== About this exercise ==
Transcribe every line of the material below exactly, leaving out the pictures.

== Data excerpt ==
○ ○ ○ ○

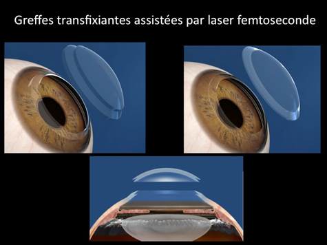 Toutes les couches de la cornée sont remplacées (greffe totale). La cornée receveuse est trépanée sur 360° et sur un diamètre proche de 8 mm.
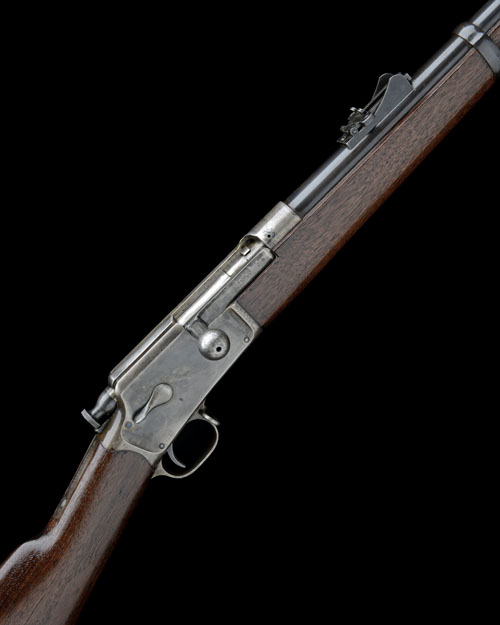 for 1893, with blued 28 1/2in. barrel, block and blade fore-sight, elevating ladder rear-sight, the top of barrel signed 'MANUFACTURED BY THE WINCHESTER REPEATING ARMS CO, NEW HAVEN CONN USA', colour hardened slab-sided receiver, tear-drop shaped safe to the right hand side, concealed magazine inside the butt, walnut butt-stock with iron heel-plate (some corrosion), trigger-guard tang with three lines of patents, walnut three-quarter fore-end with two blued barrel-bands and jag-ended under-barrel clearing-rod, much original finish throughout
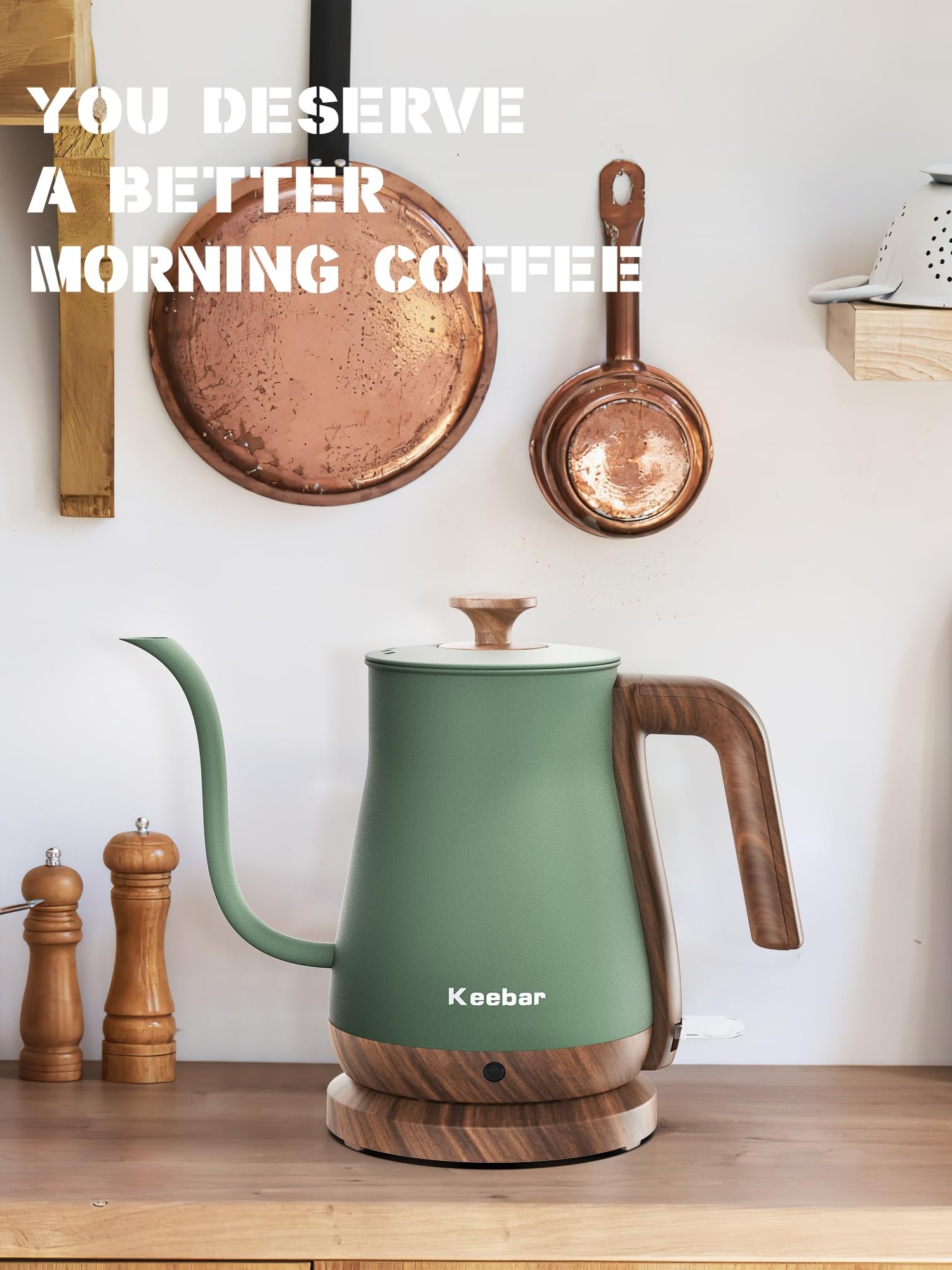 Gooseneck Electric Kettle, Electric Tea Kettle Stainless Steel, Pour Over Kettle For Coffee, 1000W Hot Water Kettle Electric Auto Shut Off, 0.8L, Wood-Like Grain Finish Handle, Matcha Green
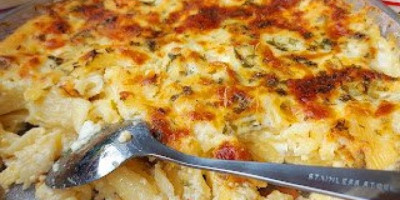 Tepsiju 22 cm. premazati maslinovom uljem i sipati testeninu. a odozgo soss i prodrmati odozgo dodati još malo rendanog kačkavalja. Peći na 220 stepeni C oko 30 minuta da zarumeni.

○ ○ ○ ○

== Answer section ==
 Toutes les couches de la cornée sont remplacées (greffe totale). La cornée receveuse est trépanée sur 360° et sur un diamètre proche de 8 mm.
 for 1893, with blued 28 1/2in. barrel, block and blade fore-sight, elevating ladder rear-sight, the top of barrel signed 'MANUFACTURED BY THE WINCHESTER REPEATING ARMS CO, NEW HAVEN CONN USA', colour hardened slab-sided receiver, tear-drop shaped safe to the right hand side, concealed magazine inside the butt, walnut butt-stock with iron heel-plate (some corrosion), trigger-guard tang with three lines of patents, walnut three-quarter fore-end with two blued barrel-bands and jag-ended under-barrel clearing-rod, much original finish throughout
 Gooseneck Electric Kettle, Electric Tea Kettle Stainless Steel, Pour Over Kettle For Coffee, 1000W Hot Water Kettle Electric Auto Shut Off, 0.8L, Wood-Like Grain Finish Handle, Matcha Green
 Tepsiju 22 cm. premazati maslinovom uljem i sipati testeninu. a odozgo soss i prodrmati odozgo dodati još malo rendanog kačkavalja. Peći na 220 stepeni C oko 30 minuta da zarumeni.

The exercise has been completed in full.